Él no me devoraba con los ojos.

Él me analizaba. Me leía.

Como si se preguntara de dónde había salido y por qué me había atrevido a intervenir.

Sus labios se curvaron apenas… ni siquiera una sonrisa. Más bien una mueca curiosa.

El hombre del uniforme alzó la voz, enojado pero sin perder esa actitud de macho frustrado:

—Yo iba a estacionarme ahí —dijo señalando el espacio donde el auto de lujo aún brillaba como recién lavado—. ¡Pero este riquillo creyéndose dueño del mundo se me adelantó como si el lugar fuera suyo!

El tipo del traje soltó una risa seca, burlona, y se cruzó de brazos con arrogancia.

—No tengo la culpa de que seas tan lento —respondió con desprecio, como si esa frase le diera una medalla.

Y de nuevo el otro dio un paso hacia él, con el rostro encendido y el puño a punto de lanzarse al aire. Todo indicaba que esta vez no habría quien lo detuviera.

Me adelanté un paso sin pensarlo.

—¡Oye! No tienen por qué pelear por eso… —dije firme, segura de que debía evitar el desastre antes de que volaran dientes o llantas.

Ambos me miraron, pero me dirigí al de mantenimiento.

—Te invito un café… si dejas al riquillo en paz.

Él levantó las cejas, sorprendido. Luego sonrió divertido y una expresión de niño travieso.

—¿Con una dona? —preguntó, inclinando la cabeza.

Rodé los ojos, sin poder evitar sonreír con resignación. ¿En qué momento me metí en esto?

—Sí, con una dona —respondí.

Él rio satisfecho y miró al otro con una carcajada provocadora.

—De lo que te salvó la chica bonita —dijo mientras subía a su camioneta, orgulloso como si hubiera ganado una batalla sin pelear.

Se estacionó unos metros más allá, donde otro vehículo acababa de dejar libre un lugar. Las personas que se habían congregado a su alrededor comenzaron a aplaudir entre risas. Algunos lanzaron vítores y se dispersaron, felices de que el drama hubiera terminado sin violencia.

Yo respiré hondo, mirando mi reloj. Todavía tenía tiempo. Sonreí. Tal vez esa sería mi buena acción del día… y mi excusa para tomarme ese capuchino doble que tanto ansiaba.

Me di la vuelta para dirigirme al café, justo cuando el hombre de la camioneta me hizo una seña con la cabeza desde la entrada, indicándome que me esperaba adentro.

Fue entonces cuando esa voz profunda, segura y peligrosamente cercana se deslizó hasta mi oído, haciéndome estremecer.

—¿Y para mí no habrá café?

Giré sobre mis talones y ahí estaba él.

Tan imponente como antes.

Apenas a unos pasos.

Esa mirada intensa, clavada en la mía como si quisiera leerme cada pensamiento.

Por un segundo me perdí en el color oscuro de sus ojos, en el contraste de su piel clara y el cabello perfectamente peinado, pero luego reaccioné. Volví a poner los pies en la tierra, y fruncí el ceño.

—Ya te hice un favor quitándotelo de encima. No tienes que ir por la vida siendo tan pedante… te haría bien ser un poco más amable.

Él apretó la mandíbula. Un tic nervioso se le marcó justo en la sien. Luego dijo con frialdad, como si lo que acababa de pasar no tuviera importancia:

—Tengo una reunión importante. No tengo tiempo para lecciones de moral.

—Yo también tengo una reunión importante, —repliqué— y no por eso ando robando lugares de estacionamiento.

Él sonrió con desdén, apenas un gesto de labios.

—¡Mujeres! —murmuró con fastidio, girando el rostro.

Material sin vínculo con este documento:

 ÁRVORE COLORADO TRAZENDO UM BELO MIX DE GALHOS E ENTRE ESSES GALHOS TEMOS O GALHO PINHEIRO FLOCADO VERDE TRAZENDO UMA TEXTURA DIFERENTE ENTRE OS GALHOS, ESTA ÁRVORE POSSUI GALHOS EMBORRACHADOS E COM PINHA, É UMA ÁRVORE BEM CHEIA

Lo miré un segundo más, sabiendo que había querido provocarme.

Pero no lo lograría.

Di media vuelta y caminé decidida hacia la cafetería, repitiéndome que no tenía tiempo para egos de traje costoso.

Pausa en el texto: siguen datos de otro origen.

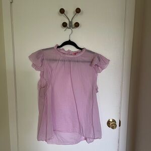 Elegant soft pink top with delicate ruffle details. Ideal for versatile styling.

Aunque una parte de mí… todavía sentía su mirada clavada en la espalda.

Subí a mi auto con el café humeante en una mano y el corazón aun latiéndome con fuerza. Ese encuentro había sido una locura, pero lo importante era que seguía a tiempo.

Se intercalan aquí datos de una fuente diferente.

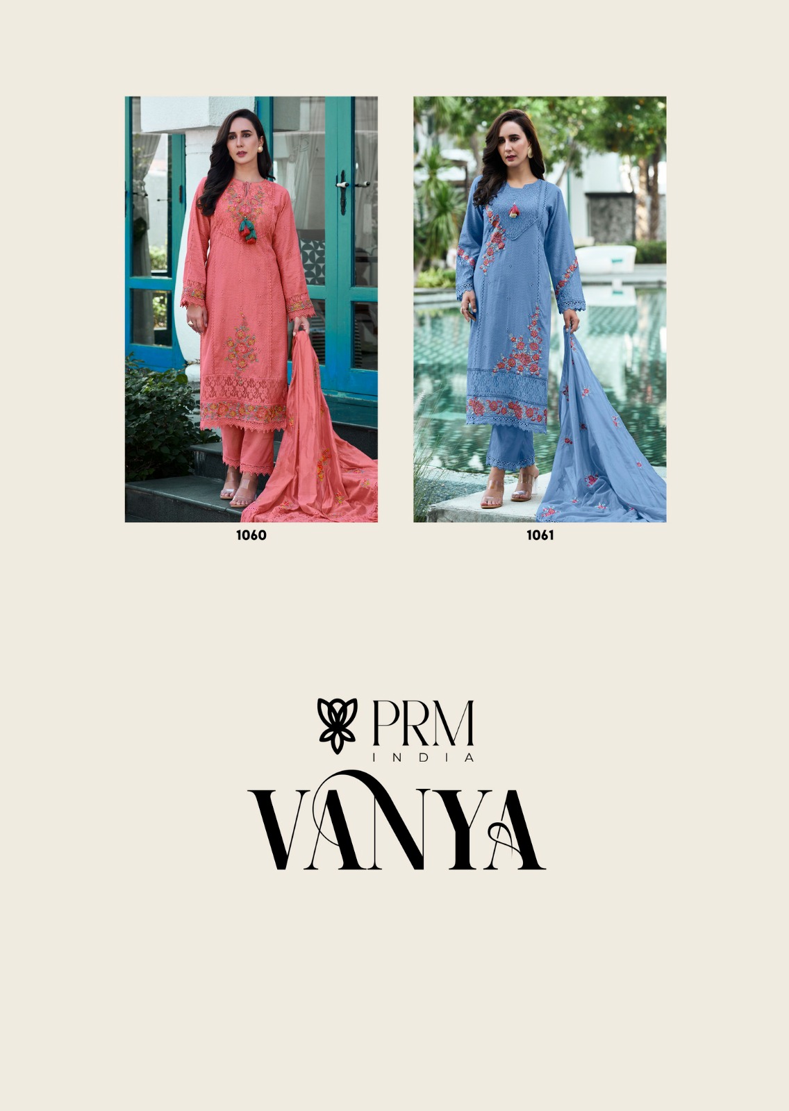 PRM INDIA VANYA contains superior Fabrics, with perfect craftsmanship makes it one most best quality suits catalogue. Best commitment to ungearing quality.

Justo cuando cerré la puerta del auto, recordé que olvidé tirar el ticket en la basura.

Abrí por costumbre aquel papel doblado.

Pero no. No era el ticket.

Tenía un número escrito a mano y justo debajo, una firma improvisada:

“Gerardo. Llámame.”

Rodé los ojos.

¿En serio?

Saqué una risa incrédula mientras dejaba el vaso en el portavasos y encendía el motor. El papel seguía entre mis dedos, como si esperara una respuesta.

—Ni lo sueñes, Gerardo —murmuré para mí misma —no eres mi tipo.

Miré por el espejo retrovisor, me incorporé al tráfico con calma y cuando pasé frente al contenedor de basura más cercano, bajé la ventanilla. El papelito voló con gracia por la carretera hasta que desapareció de mi vista.